### Records to process
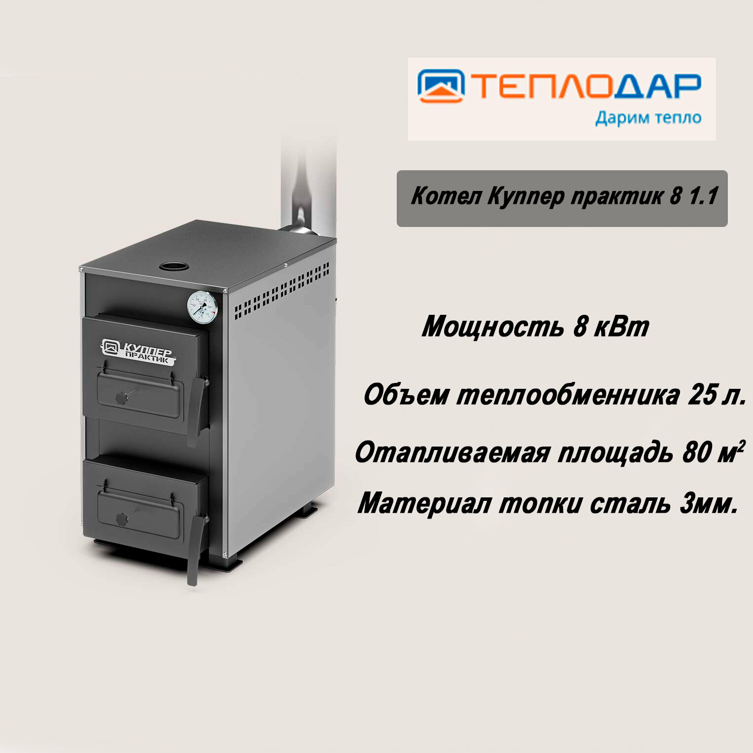Купить Котел твердотопливный Теплодар Куппер Практик-8 (1.1)
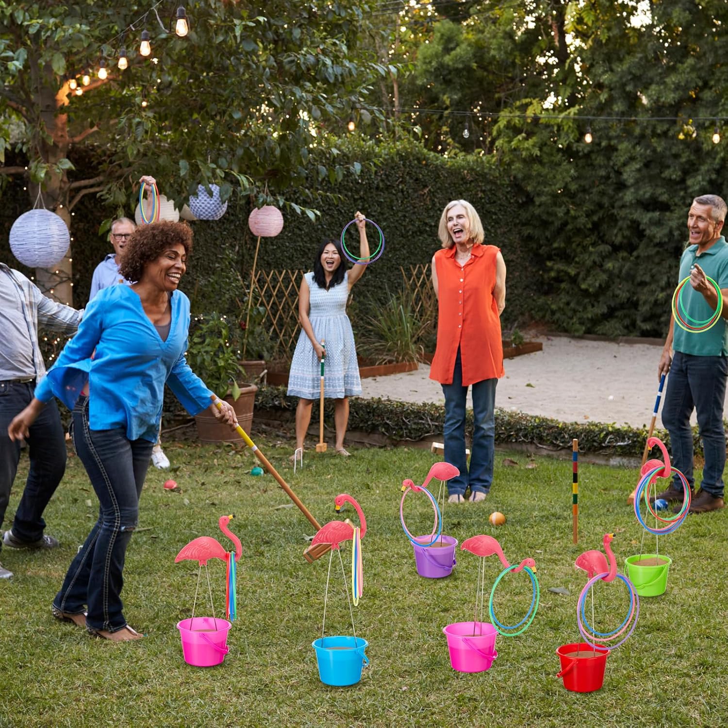 Features: You can enjoy the fun of the throwing games and other kinds of games with the ring toss hoops. In the process, you can release your pressure and improve your speed and agility. Specifications: Material: plastic Color: pink, rainbow Size: Pink Flamingos: about 5.62-11 inches Plastic Ferrule: three sizes available, 16cm/6.3inch, 18cm/7inch, and 20cm/7.8inch Beach bucket: height is 11cm/4.3inch, and the bottom is directly 11.5cm/4.5inch Package includes: 6 x Flamingos 60 x Plastic Ferrule 6 x Sand bucket Notes: Manual measurement, please allow slight errors on size. The color may exist a slight difference due to different screen displays.
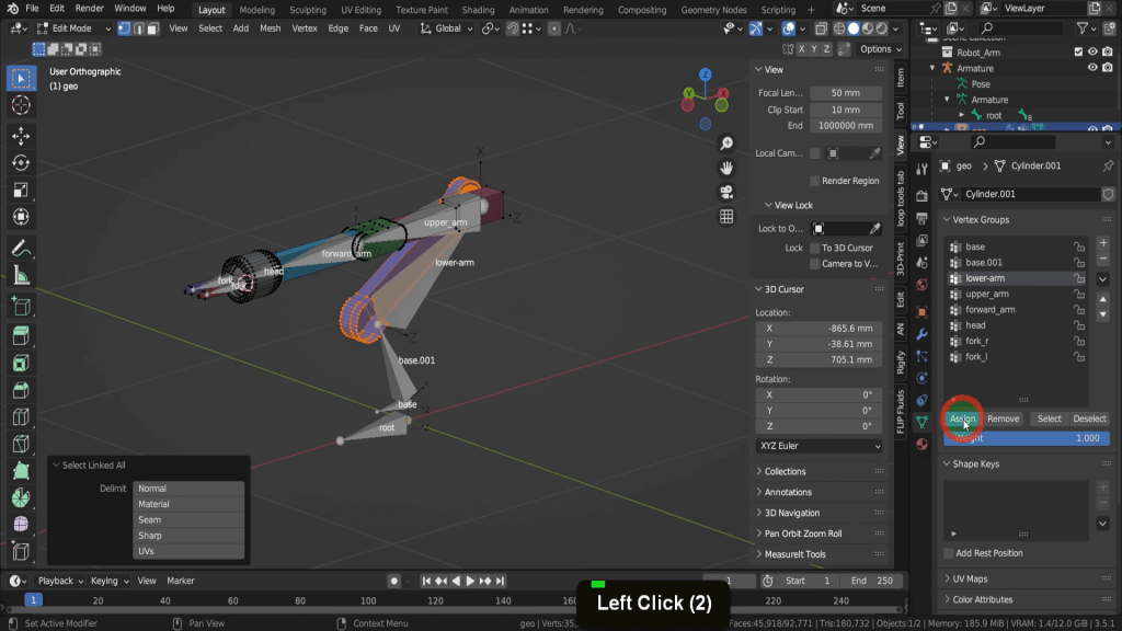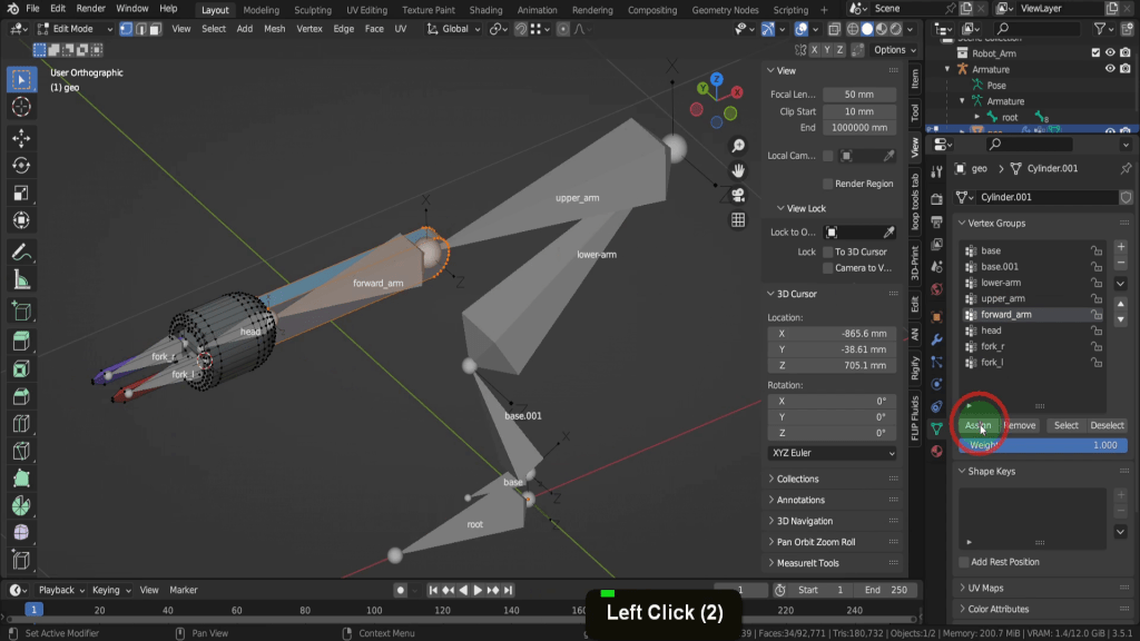Press H and hide this selection. For the next one let’s again press L to select this. We can then select the forward arm and click assign.
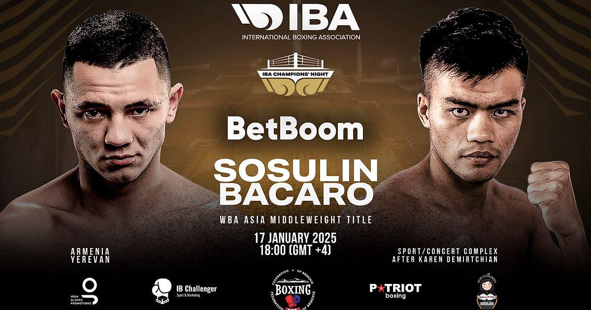 В прямом эфире турнир «Ночь чемпионов IBA» в Ереване покажет телеканал «Матч! Боец», начало трансляции 17 января в 16:55 мск. Генеральным партнером вечера бокса выступит букмекерская компания BetBoom.
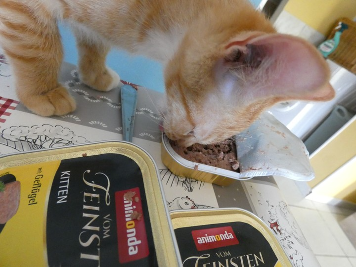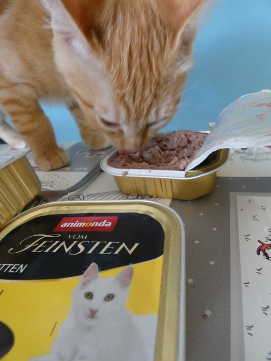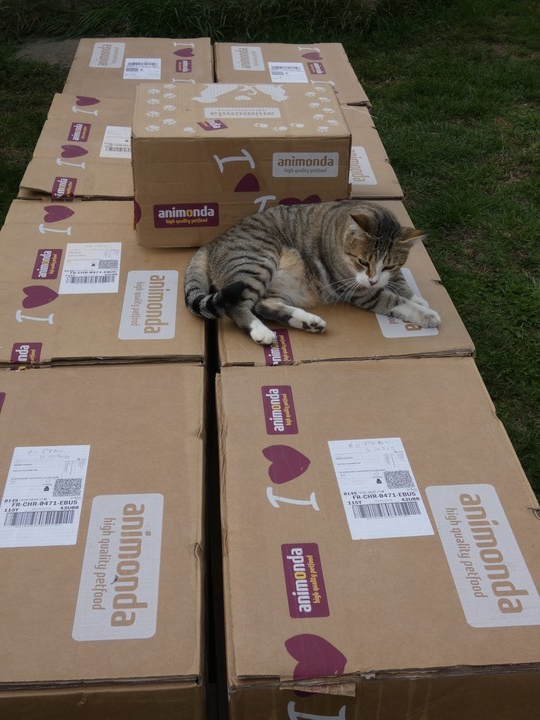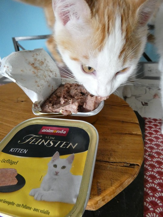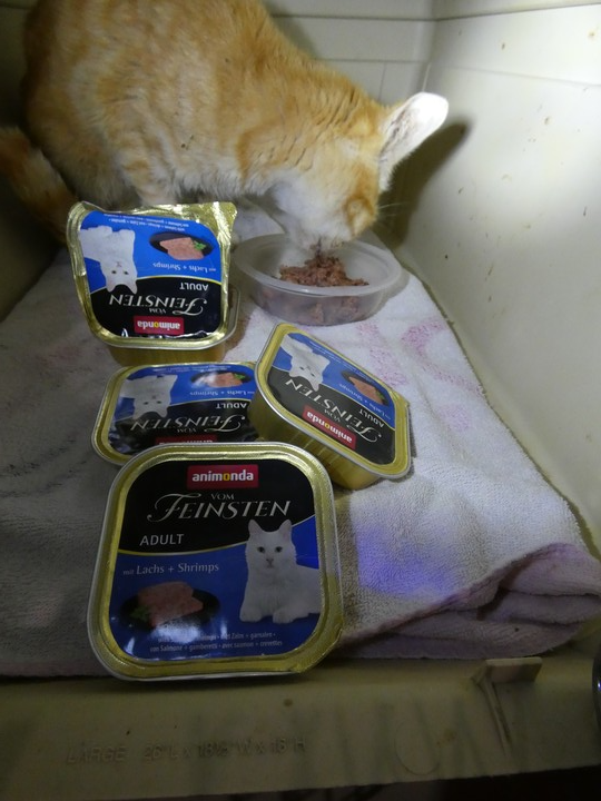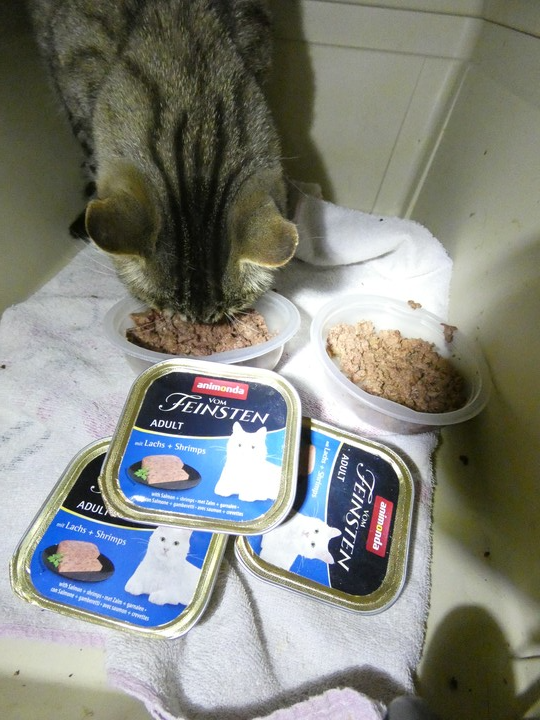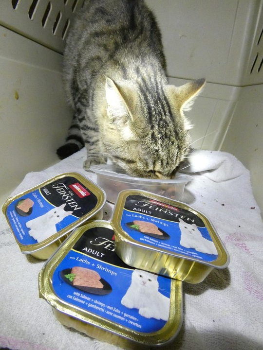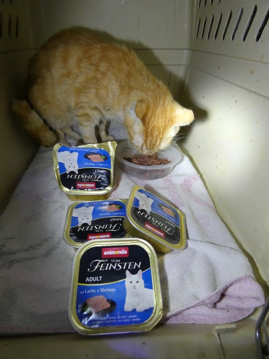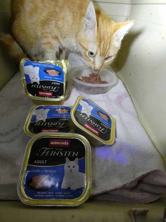 Casimir : Casimir was hospitalized again, in a catastrophic state. After leaving the clinic, he was able to regain his health thanks to the food you offered him. He enjoys it and eats at least three trays every day. I have to isolate him in a transport box so he ca
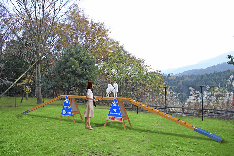 「ぐりんぱ」では、通常の場合は愛犬はケージに入れての入園となり、アトラクションの利用はできませんが、期間中はリード(伸縮リードは不可)での入園が可能で、「観覧車」や「ボート」など4つのアトラクションを愛犬と一緒に利用できます(一部制限あり)。また、特設のドッグラン「天空のドッグパーク」も用意されており、愛犬のリードを外し、大自然のなかを思いっきり走り回ることができます。
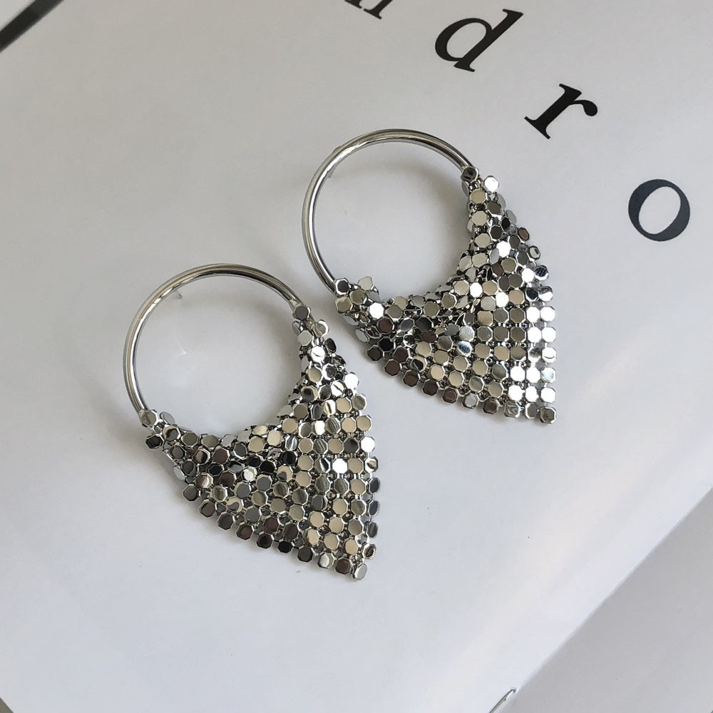 时尚冷淡风金属亮片渔网三角流苏耳环耳圈轻奢高级感大气耳坠耳饰

### Required action
A faithful copy of the records above is needed, with the pictures left out.

### Output
Купить Котел твердотопливный Теплодар Куппер Практик-8 (1.1)
 Features: You can enjoy the fun of the throwing games and other kinds of games with the ring toss hoops. In the process, you can release your pressure and improve your speed and agility. Specifications: Material: plastic Color: pink, rainbow Size: Pink Flamingos: about 5.62-11 inches Plastic Ferrule: three sizes available, 16cm/6.3inch, 18cm/7inch, and 20cm/7.8inch Beach bucket: height is 11cm/4.3inch, and the bottom is directly 11.5cm/4.5inch Package includes: 6 x Flamingos 60 x Plastic Ferrule 6 x Sand bucket Notes: Manual measurement, please allow slight errors on size. The color may exist a slight difference due to different screen displays.
Press H and hide this selection. For the next one let’s again press L to select this. We can then select the forward arm and click assign.
 В прямом эфире турнир «Ночь чемпионов IBA» в Ереване покажет телеканал «Матч! Боец», начало трансляции 17 января в 16:55 мск. Генеральным партнером вечера бокса выступит букмекерская компания BetBoom.
 Casimir : Casimir was hospitalized again, in a catastrophic state. After leaving the clinic, he was able to regain his health thanks to the food you offered him. He enjoys it and eats at least three trays every day. I have to isolate him in a transport box so he ca
 「ぐりんぱ」では、通常の場合は愛犬はケージに入れての入園となり、アトラクションの利用はできませんが、期間中はリード(伸縮リードは不可)での入園が可能で、「観覧車」や「ボート」など4つのアトラクションを愛犬と一緒に利用できます(一部制限あり)。また、特設のドッグラン「天空のドッグパーク」も用意されており、愛犬のリードを外し、大自然のなかを思いっきり走り回ることができます。
 时尚冷淡风金属亮片渔网三角流苏耳环耳圈轻奢高级感大气耳坠耳饰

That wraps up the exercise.